The data:

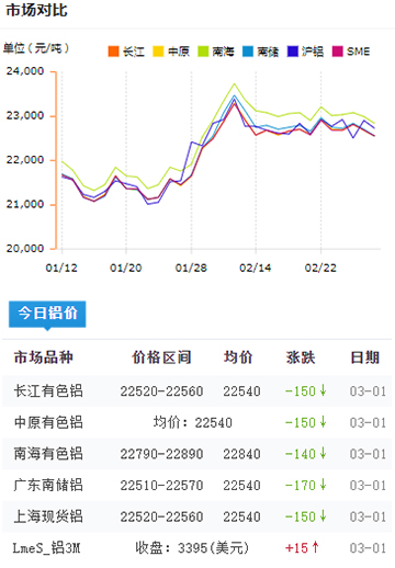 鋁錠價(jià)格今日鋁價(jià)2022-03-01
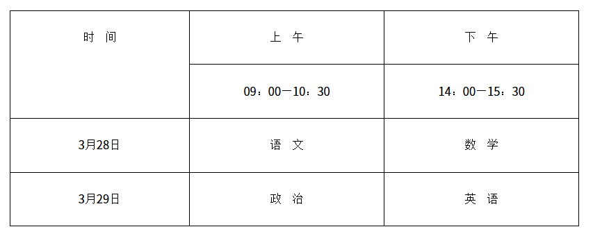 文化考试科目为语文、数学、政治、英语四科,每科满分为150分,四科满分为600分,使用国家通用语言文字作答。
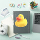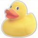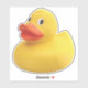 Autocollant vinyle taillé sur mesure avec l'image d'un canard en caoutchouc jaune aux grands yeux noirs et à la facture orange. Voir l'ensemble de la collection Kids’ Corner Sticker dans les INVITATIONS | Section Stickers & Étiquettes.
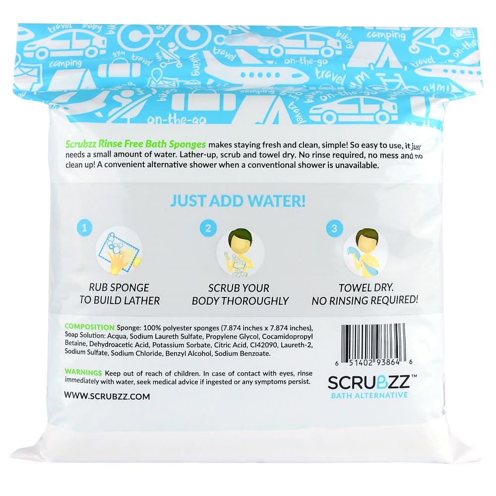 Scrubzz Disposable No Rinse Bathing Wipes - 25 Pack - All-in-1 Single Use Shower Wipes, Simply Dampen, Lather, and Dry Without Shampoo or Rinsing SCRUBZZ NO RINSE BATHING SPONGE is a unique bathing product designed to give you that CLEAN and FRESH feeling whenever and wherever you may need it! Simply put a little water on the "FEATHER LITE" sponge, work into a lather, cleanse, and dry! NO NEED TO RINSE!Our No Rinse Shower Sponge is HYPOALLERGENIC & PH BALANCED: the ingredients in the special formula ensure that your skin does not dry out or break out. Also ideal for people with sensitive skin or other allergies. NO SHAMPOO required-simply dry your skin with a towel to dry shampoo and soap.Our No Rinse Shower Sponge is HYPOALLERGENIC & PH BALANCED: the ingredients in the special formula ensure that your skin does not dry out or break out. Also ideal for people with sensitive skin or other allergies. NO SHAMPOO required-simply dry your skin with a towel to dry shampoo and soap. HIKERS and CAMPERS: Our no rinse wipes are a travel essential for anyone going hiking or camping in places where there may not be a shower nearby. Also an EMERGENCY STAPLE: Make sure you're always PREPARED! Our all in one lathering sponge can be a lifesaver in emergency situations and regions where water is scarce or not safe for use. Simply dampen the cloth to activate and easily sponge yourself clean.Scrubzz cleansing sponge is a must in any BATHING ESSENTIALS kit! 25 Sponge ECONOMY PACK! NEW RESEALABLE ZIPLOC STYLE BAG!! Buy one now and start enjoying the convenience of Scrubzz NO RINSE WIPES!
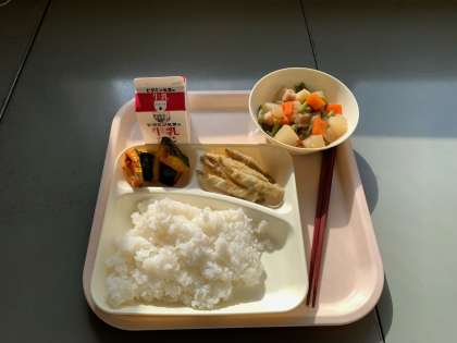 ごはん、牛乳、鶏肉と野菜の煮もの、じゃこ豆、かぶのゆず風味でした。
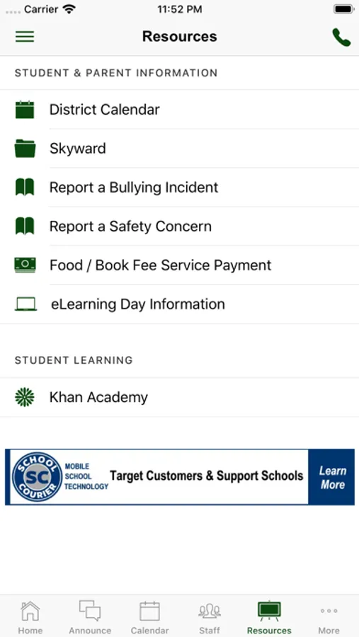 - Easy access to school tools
==
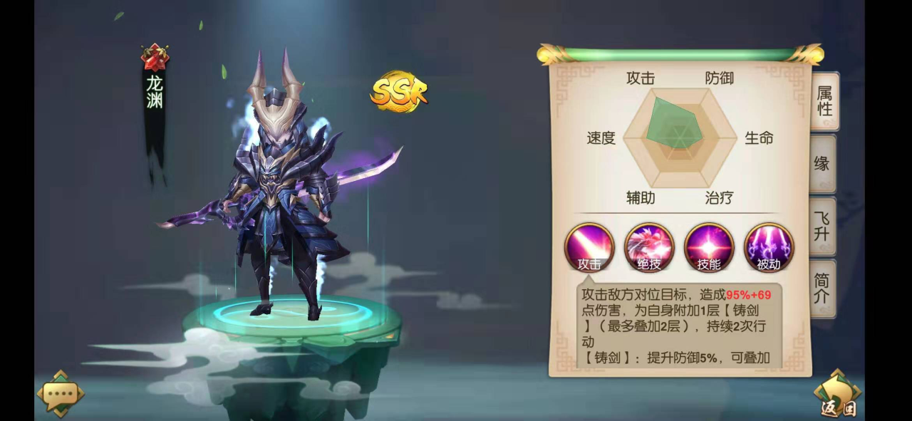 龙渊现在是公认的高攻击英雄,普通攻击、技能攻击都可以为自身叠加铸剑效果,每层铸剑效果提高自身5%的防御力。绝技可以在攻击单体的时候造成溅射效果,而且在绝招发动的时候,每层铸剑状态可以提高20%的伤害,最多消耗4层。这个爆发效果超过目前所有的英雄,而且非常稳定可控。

Work request: While skipping the pictures, transcribe the data above from the line showing "文化考试科目为语文、数学、政" through the line showing "Autocollant vinyle taillé", exactly and with both ends.

Reply:
 文化考试科目为语文、数学、政治、英语四科,每科满分为150分,四科满分为600分,使用国家通用语言文字作答。
 Autocollant vinyle taillé sur mesure avec l'image d'un canard en caoutchouc jaune aux grands yeux noirs et à la facture orange. Voir l'ensemble de la collection Kids’ Corner Sticker dans les INVITATIONS | Section Stickers & Étiquettes.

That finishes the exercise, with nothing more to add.